It all started next to a waterfall, whose water, throwing itself from the mountain, produced energy. It was the beginning of the twentieth century, and between Torre and Dangio, in the Blenio Valley, Canton Ticino, a brewery was rising.
Times were difficult in the Blenio Valley. The not very generous land did not give enough fruit to survive in a worthy way, and many Bleniesi were forced to migrate. Among them, the Cima brothers.
Once in Nice, they discovered with surprise a new trend, chocolate. Everyone wanted it, and what everyone wants often bears good fruit. They began to produce it and then, in 1903, and with their pockets full of money, they returned to their native land determined to trade the Cima chocolate.

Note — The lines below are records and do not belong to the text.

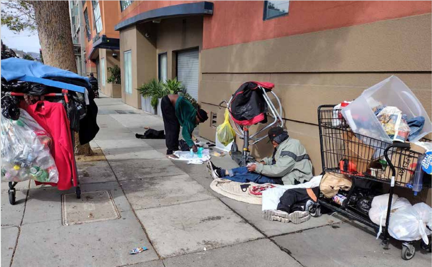
Homeless Assisted Three individuals escorted to the Linkage Center upon request. 980 Howard Street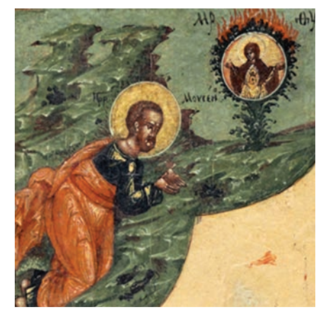
Figure 9. Moses and the Burning Bush. Detail from R2012.81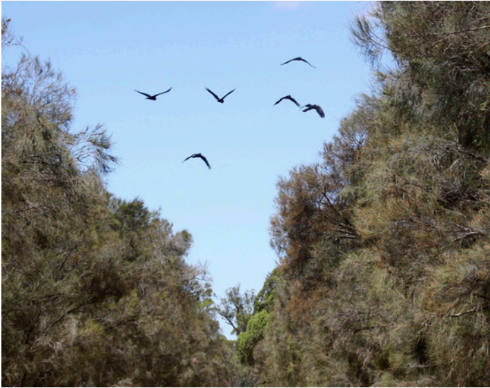
A small flock flying between roadside buloke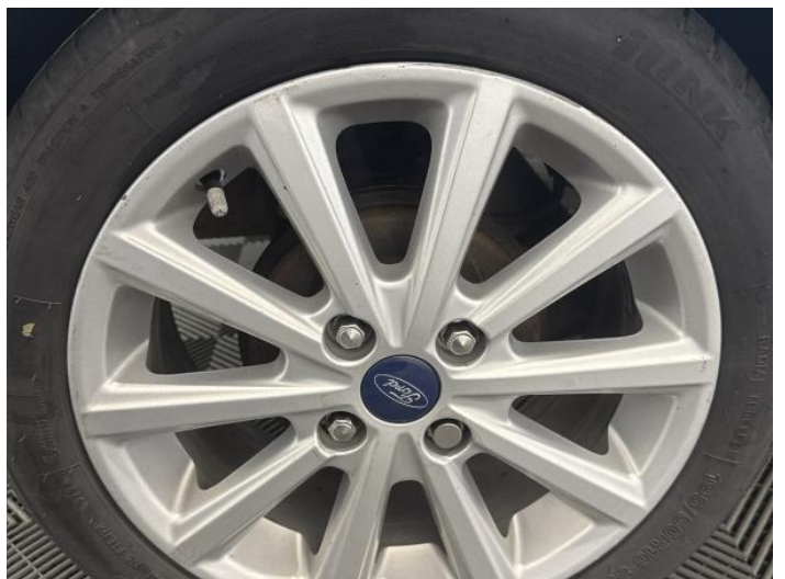
8: Wheel osr Scratched Over 50mm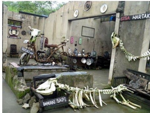
Figure 1.3 Sisa Hartaku Museum

Sema Wayah Trunyan, Bali has a unique funeral tradition. People who died there were not buried or cremated, but only placed under the Taru Menyan tree. This tree will be able to eliminate the smell of the corpses there. The number of bodies placed under Taru Menyan cannot exceed eleven people. Apart from that, there are several conditions that must be met, including dying naturally, being married, having complete body parts. Those who die according to the above conditions will be buried in Mepasah (placed under the Taru Menyan). The burial area is called Sema Wayah.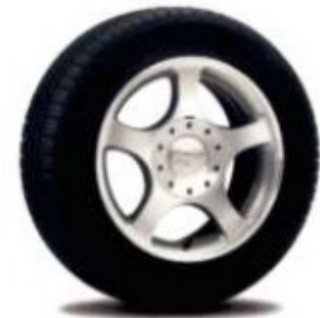
16" Bright Machined-Aluminum Wheel Standard on V6 Deluxe, Premium Convertible and Premium Coupe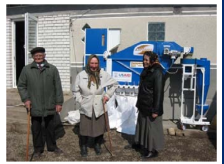
Three members of the Lypivsky cooperative with post-harvest processing equipment used to produce dried vegetables

Value-Added Borsch: Connecting Agricultural Cooperatives to New Markets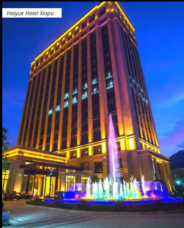
Haiyue Hotel Xiapu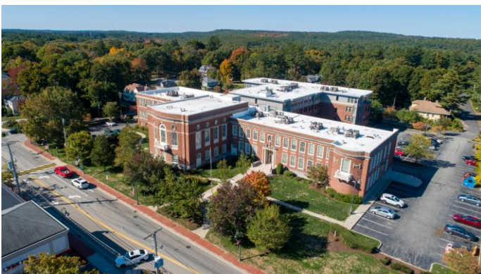
Address: 75 South Main Street, Sharon Units: 75 Acres: 2.9 Density: 26 Units/Acre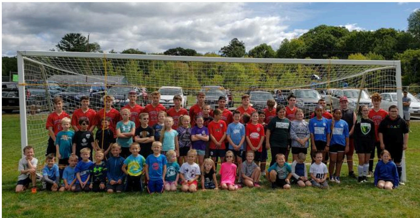
Group picture of all the kids who participated in the Elks Soccer Shoot.

The recent Elks Soccer Shoot had a total of 39 kids who participated in the event. Sixteen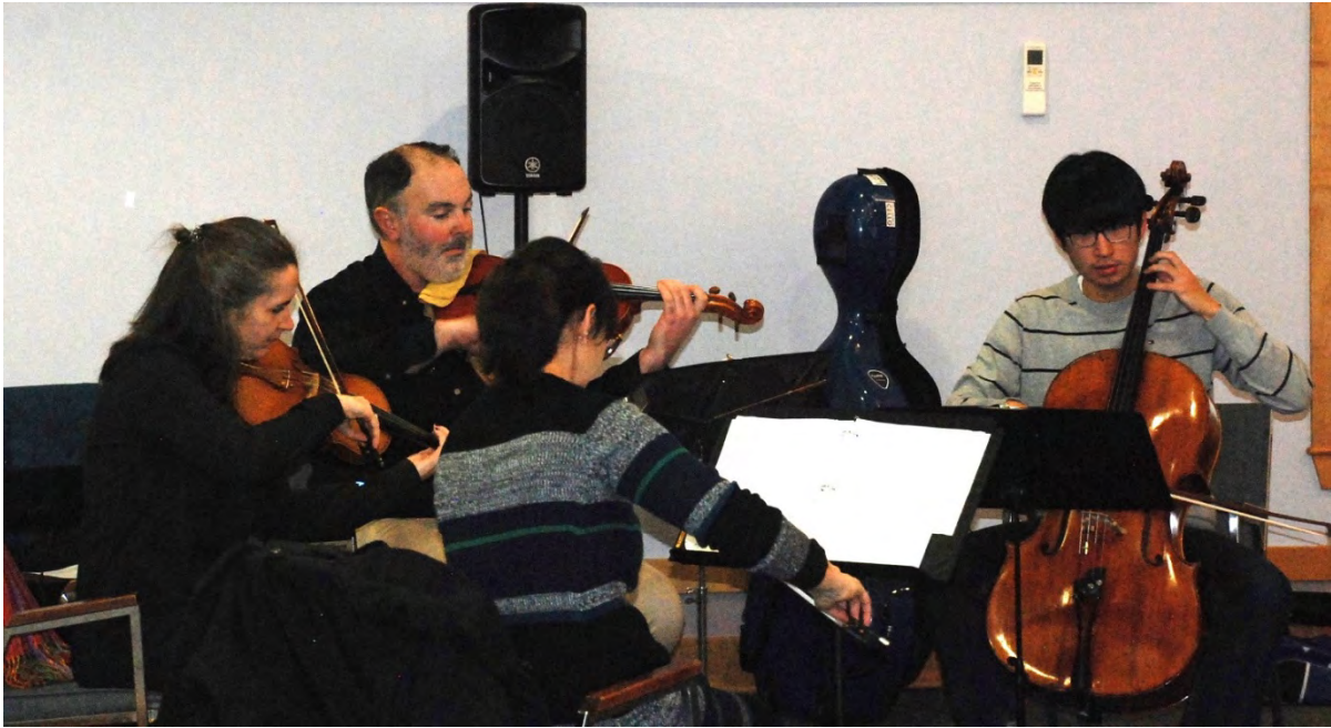
Very intense while playing. Nicely done.

The police just pulled me over and said “Papers?”

So they did, but luck didn't smile at them for long. Just 5 years later, the factory was destroyed by a flooded Soja stream.
Another repatriation helped them: Giuseppe Pagani had become rich in London as a restaurant owner and had good relations with the Swiss Consumers' Association, now known as Coop. Pagani won them over as customers and bought Norma, a second factory in Zurich, to meet delivery obligations.
And after the descent, a splendid ascent finally began. In 1920, the CimaNorma employed nearly 500 people in the Blenio Valley. In the 1950s the village of Dangio-Torre was even richer than the city of Lugano.
CimaNorma profoundly influenced the lives of its workers and citizens of the Blenio Valley through the creation of a chocolate village. He provided the male workers with houses, the female workers a hostel, where the nuns taught them home economics and good manners, and the clerks had their own little church.
But then, again, the fall. In the night. Because the Swiss Consumers' Association ended their collaboration. Everything ended quickly: In 1968 the chocolate company Cima Norma closed its doors and everyone was fired. The Blenio Valley did not recover for a long time.
However, as the factory emblem says: Adversa Coronant; despite adversity, CimaNorma persists to this day.